### Provided information
⟨

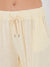 Model posiada elastyczną talię z regulowanym wiązaniem, dzięki czemu świetnie dopasowuje się do sylwetki i zapewnia maksymalną wygodę noszenia. Szerokie nogawki nadają stylizacji eleganckiego, swobodnego charakteru i optycznie wydłużają nogi.
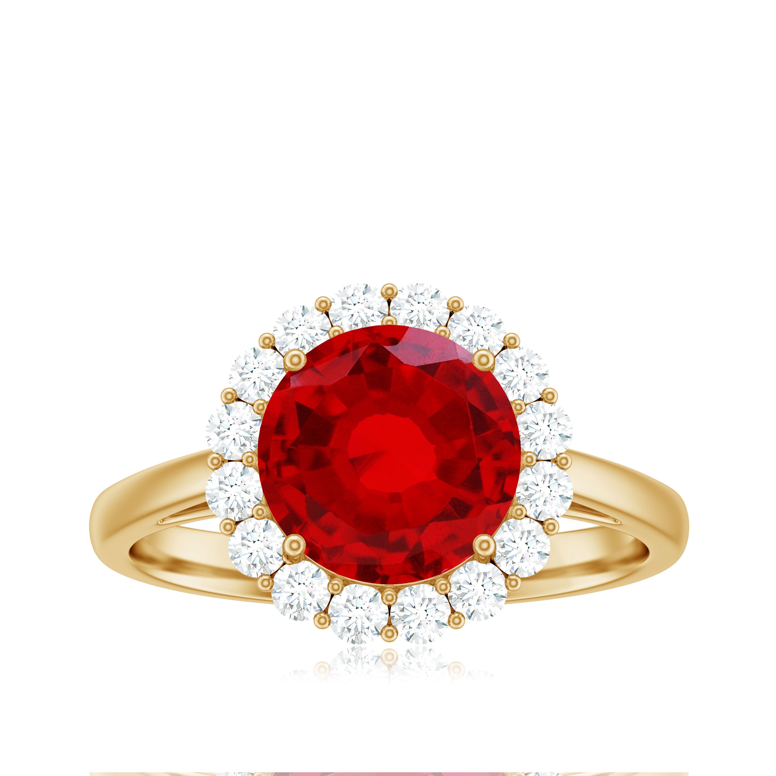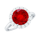 Lab Created 8MM Ruby Halo Engagement Ring with Diamonds
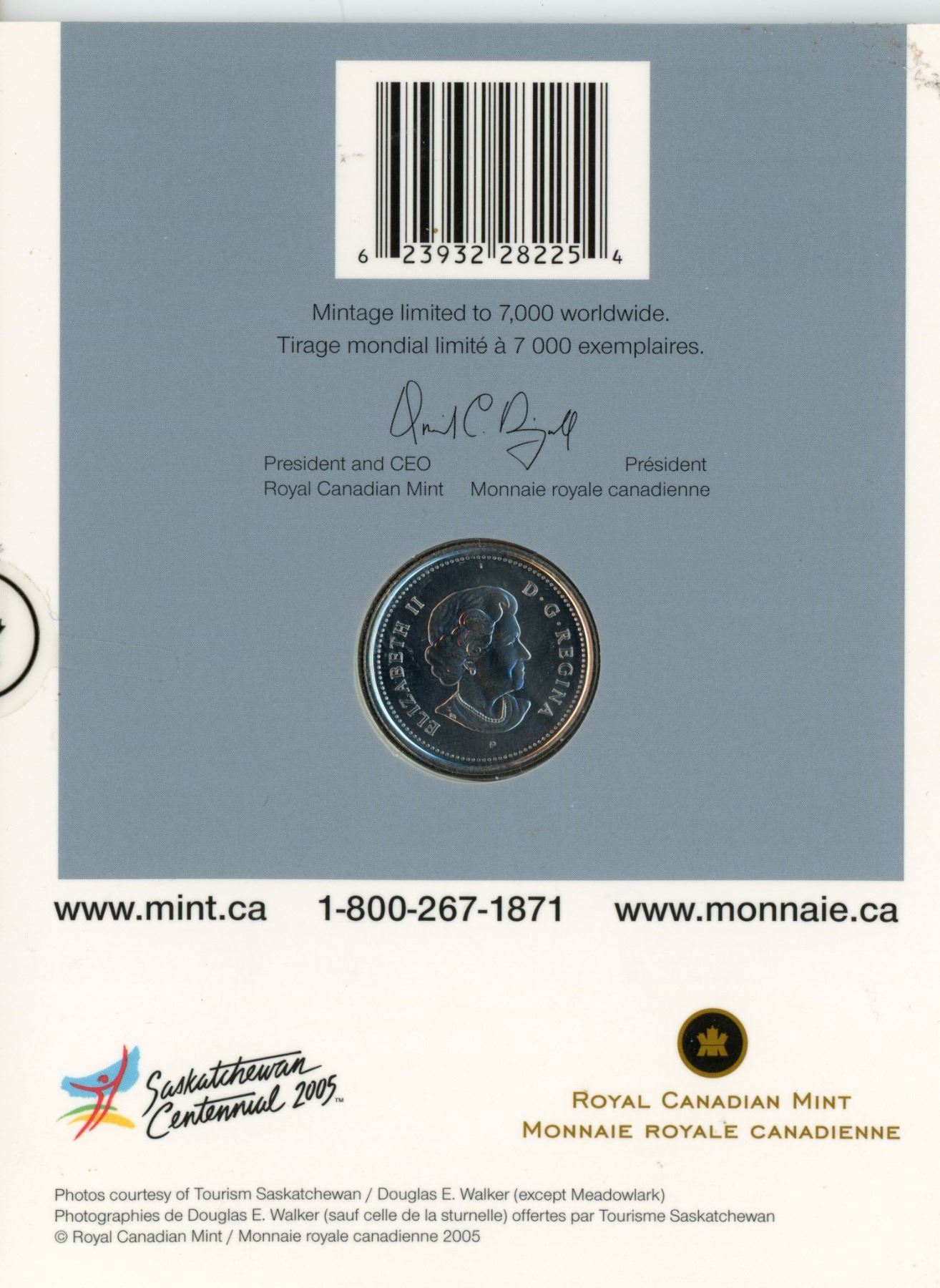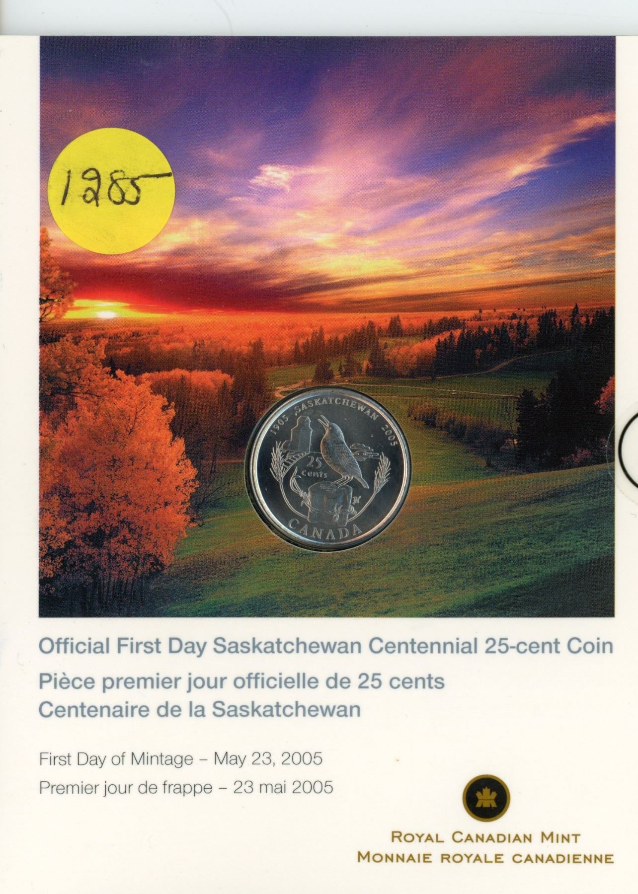 Royal canadian mint - official first day saskatchewan centennial 25-cent coin
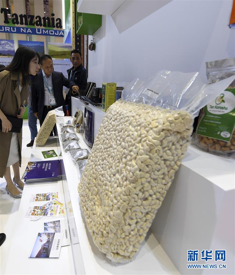 這是在第二屆進博會坦桑尼亞國家館拍攝的腰果產品(11月6日攝)。 新華社記者 范培珅 攝
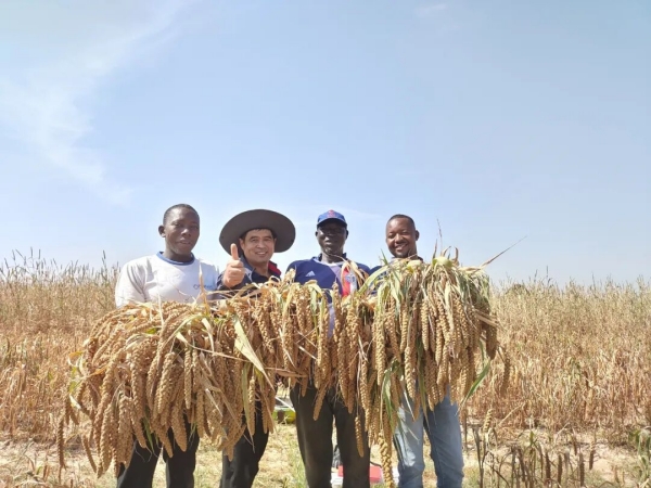 春华秋实是一年的轮回。中国援外专家与布基纳法索的农户共同分享谷子丰收的喜悦。
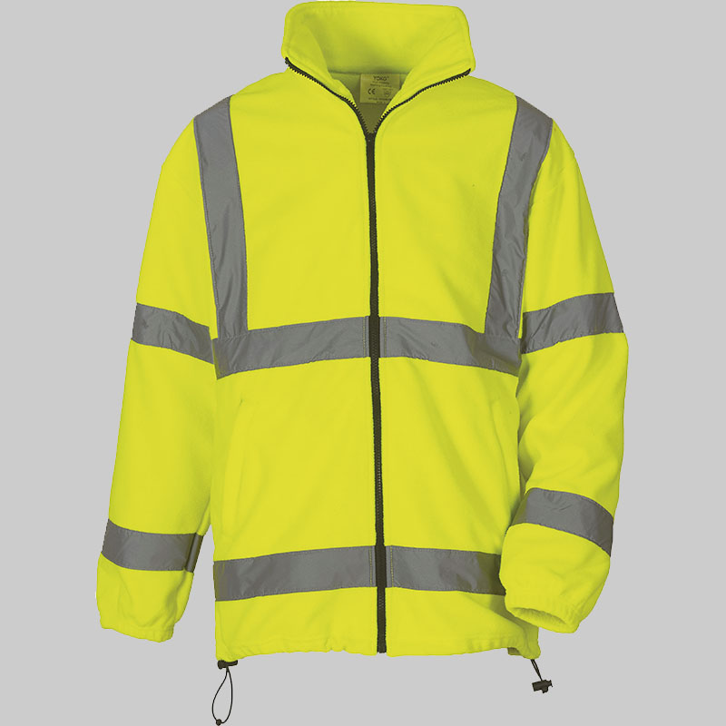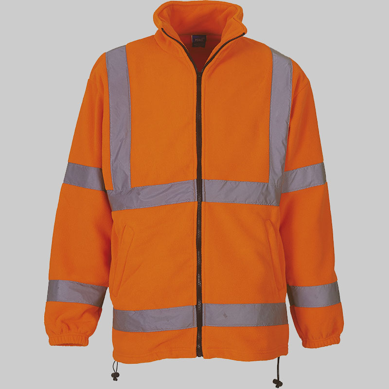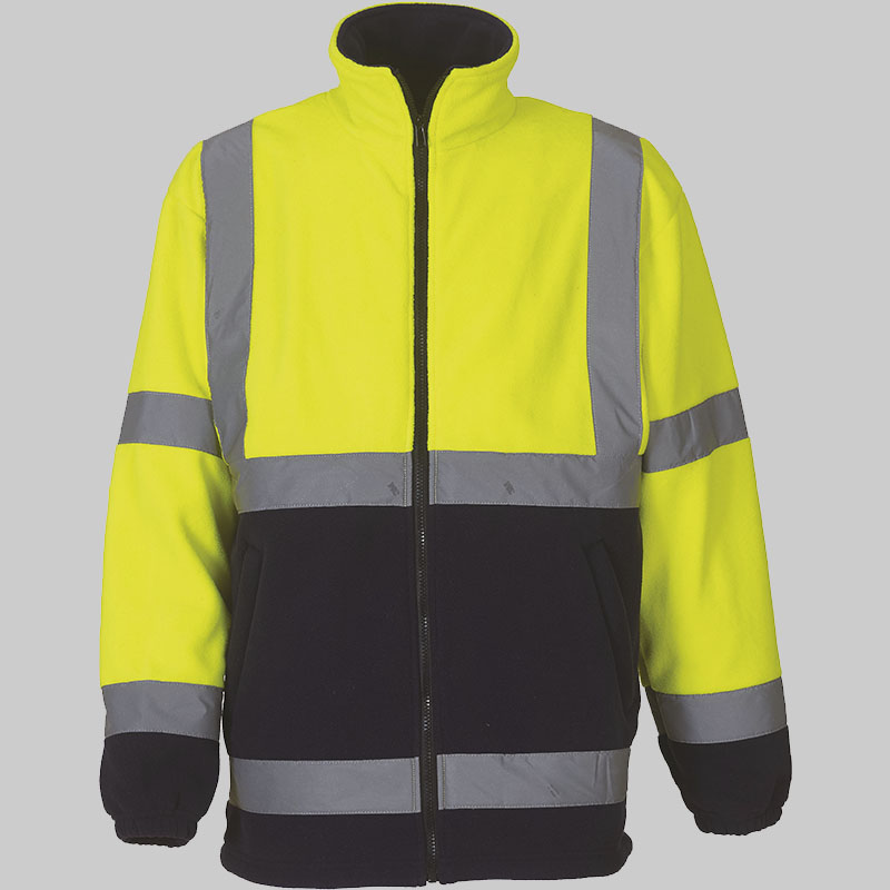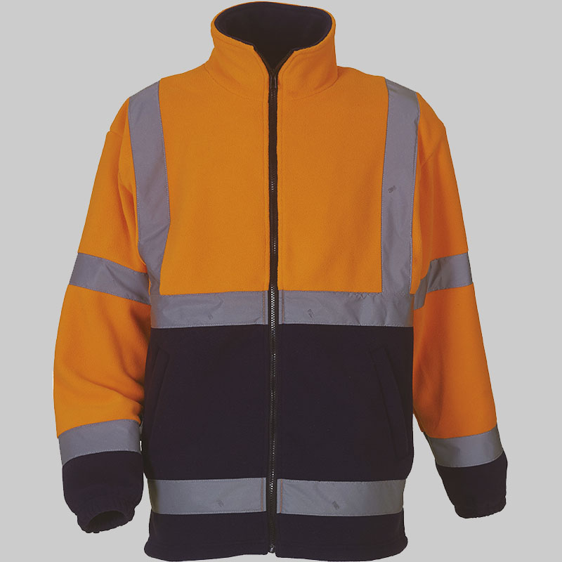 100% poliéster. Duas bandas retrorreflectoras 3M no corpo e braços e uma banda em cada ombro. Fecho a todo o comprimento à frente. Punhos e cós elásticos. Dois bolsos inferiores com detalhes. Gola alta. Em conformidade com a norma EN ISO20471:2013 Classe 3. Hi-Vis Orange e Hi-Vis Orange/Navy também em conformidade com a norma GO/RT 3279.

⟩

### Exercise instructions
Give again, word for word, every line from the top of the entries above to the line holding "這是在第二屆進博會坦桑尼亞國家館拍攝的腰果產品(11月6日攝)。 新華社記者 范培珅 攝", both included. Leave the pictures out.

### Answer section
 Model posiada elastyczną talię z regulowanym wiązaniem, dzięki czemu świetnie dopasowuje się do sylwetki i zapewnia maksymalną wygodę noszenia. Szerokie nogawki nadają stylizacji eleganckiego, swobodnego charakteru i optycznie wydłużają nogi.
 Lab Created 8MM Ruby Halo Engagement Ring with Diamonds
 Royal canadian mint - official first day saskatchewan centennial 25-cent coin
 這是在第二屆進博會坦桑尼亞國家館拍攝的腰果產品(11月6日攝)。 新華社記者 范培珅 攝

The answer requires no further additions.